Exercise data:
______

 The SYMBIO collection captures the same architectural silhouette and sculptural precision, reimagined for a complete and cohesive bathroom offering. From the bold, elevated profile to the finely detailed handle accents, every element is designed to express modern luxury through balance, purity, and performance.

______

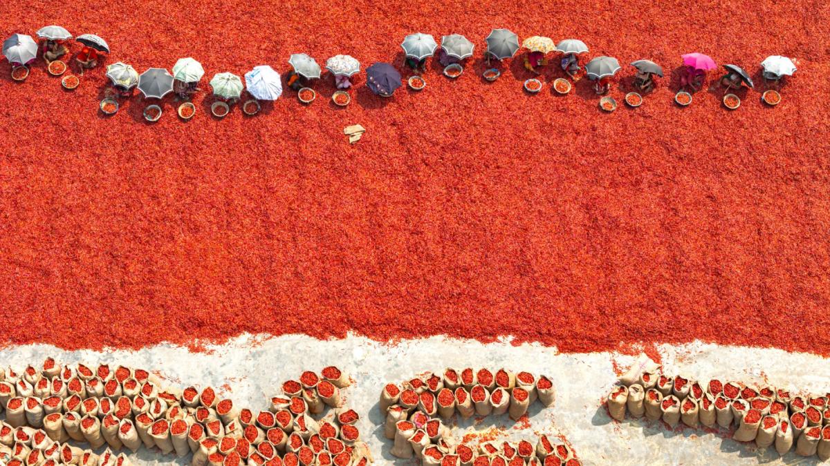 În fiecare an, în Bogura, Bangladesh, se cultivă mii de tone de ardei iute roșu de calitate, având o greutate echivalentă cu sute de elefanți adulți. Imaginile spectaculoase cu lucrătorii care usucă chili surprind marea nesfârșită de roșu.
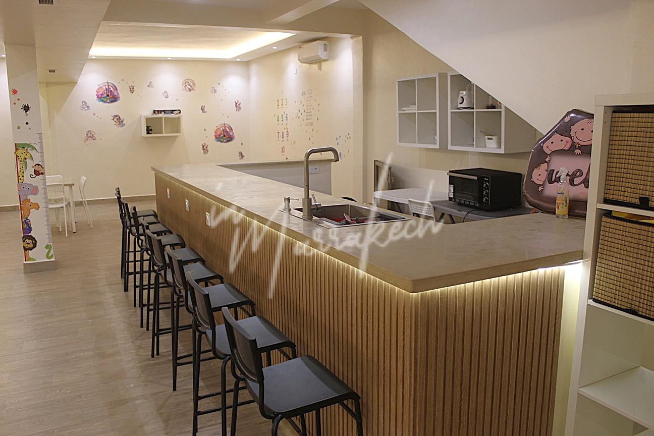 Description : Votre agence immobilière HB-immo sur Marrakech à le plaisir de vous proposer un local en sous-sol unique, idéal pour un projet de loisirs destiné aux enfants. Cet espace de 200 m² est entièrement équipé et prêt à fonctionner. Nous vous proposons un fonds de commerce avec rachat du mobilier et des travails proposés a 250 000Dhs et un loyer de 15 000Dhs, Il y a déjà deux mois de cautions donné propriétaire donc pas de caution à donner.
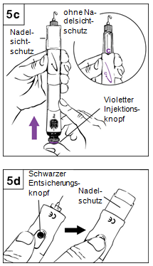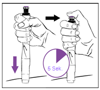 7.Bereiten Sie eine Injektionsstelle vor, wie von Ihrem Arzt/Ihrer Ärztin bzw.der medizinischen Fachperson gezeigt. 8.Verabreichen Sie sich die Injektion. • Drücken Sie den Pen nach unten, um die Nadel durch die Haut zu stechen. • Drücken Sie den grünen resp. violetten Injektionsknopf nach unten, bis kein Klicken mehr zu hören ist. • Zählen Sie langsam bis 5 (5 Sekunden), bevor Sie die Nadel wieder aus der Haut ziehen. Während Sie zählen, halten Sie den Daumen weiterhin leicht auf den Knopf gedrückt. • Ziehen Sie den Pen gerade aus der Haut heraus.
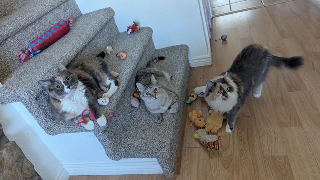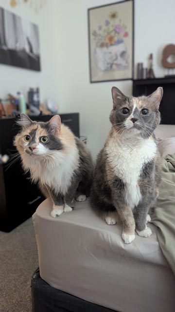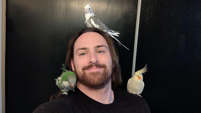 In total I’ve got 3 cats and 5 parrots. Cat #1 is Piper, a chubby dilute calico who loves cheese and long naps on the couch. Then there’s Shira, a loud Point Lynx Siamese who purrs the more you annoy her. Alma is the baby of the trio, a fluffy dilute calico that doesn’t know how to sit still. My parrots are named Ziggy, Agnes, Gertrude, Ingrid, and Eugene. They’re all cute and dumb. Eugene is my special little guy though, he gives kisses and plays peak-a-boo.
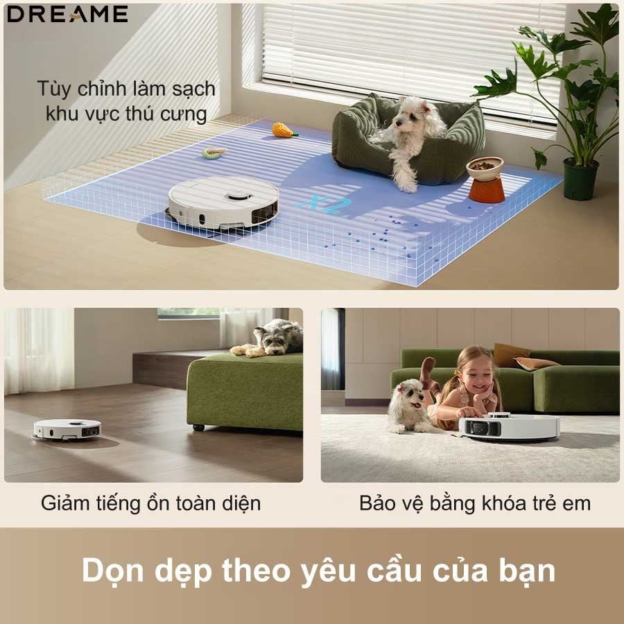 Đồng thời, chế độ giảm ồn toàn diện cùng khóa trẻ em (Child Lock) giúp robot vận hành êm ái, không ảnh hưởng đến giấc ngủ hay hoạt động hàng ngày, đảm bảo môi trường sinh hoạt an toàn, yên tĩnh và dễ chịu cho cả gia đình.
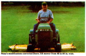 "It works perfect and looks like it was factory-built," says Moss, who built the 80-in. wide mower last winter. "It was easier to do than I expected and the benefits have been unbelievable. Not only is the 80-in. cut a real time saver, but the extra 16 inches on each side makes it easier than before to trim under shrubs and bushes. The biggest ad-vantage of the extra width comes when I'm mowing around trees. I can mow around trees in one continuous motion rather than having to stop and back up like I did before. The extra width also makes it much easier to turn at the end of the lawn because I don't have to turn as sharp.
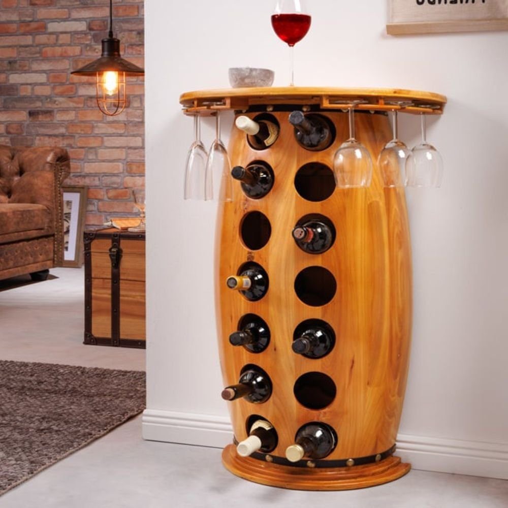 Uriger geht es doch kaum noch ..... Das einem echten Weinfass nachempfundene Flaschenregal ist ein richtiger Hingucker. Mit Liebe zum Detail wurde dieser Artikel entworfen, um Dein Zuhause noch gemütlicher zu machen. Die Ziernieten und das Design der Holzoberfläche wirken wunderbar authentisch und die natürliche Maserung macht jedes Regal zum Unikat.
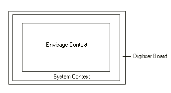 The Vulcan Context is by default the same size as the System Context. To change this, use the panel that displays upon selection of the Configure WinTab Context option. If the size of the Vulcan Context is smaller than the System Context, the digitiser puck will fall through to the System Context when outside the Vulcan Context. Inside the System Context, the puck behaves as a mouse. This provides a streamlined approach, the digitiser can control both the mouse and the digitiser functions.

______

In the listing above, find the line with "turn as sharp." and the line with "The Vulcan Context is by". Copy exactly those lines and all between them, minus the images.

 "It works perfect and looks like it was factory-built," says Moss, who built the 80-in. wide mower last winter. "It was easier to do than I expected and the benefits have been unbelievable. Not only is the 80-in. cut a real time saver, but the extra 16 inches on each side makes it easier than before to trim under shrubs and bushes. The biggest ad-vantage of the extra width comes when I'm mowing around trees. I can mow around trees in one continuous motion rather than having to stop and back up like I did before. The extra width also makes it much easier to turn at the end of the lawn because I don't have to turn as sharp.
 Uriger geht es doch kaum noch ..... Das einem echten Weinfass nachempfundene Flaschenregal ist ein richtiger Hingucker. Mit Liebe zum Detail wurde dieser Artikel entworfen, um Dein Zuhause noch gemütlicher zu machen. Die Ziernieten und das Design der Holzoberfläche wirken wunderbar authentisch und die natürliche Maserung macht jedes Regal zum Unikat.
 The Vulcan Context is by default the same size as the System Context. To change this, use the panel that displays upon selection of the Configure WinTab Context option. If the size of the Vulcan Context is smaller than the System Context, the digitiser puck will fall through to the System Context when outside the Vulcan Context. Inside the System Context, the puck behaves as a mouse. This provides a streamlined approach, the digitiser can control both the mouse and the digitiser functions.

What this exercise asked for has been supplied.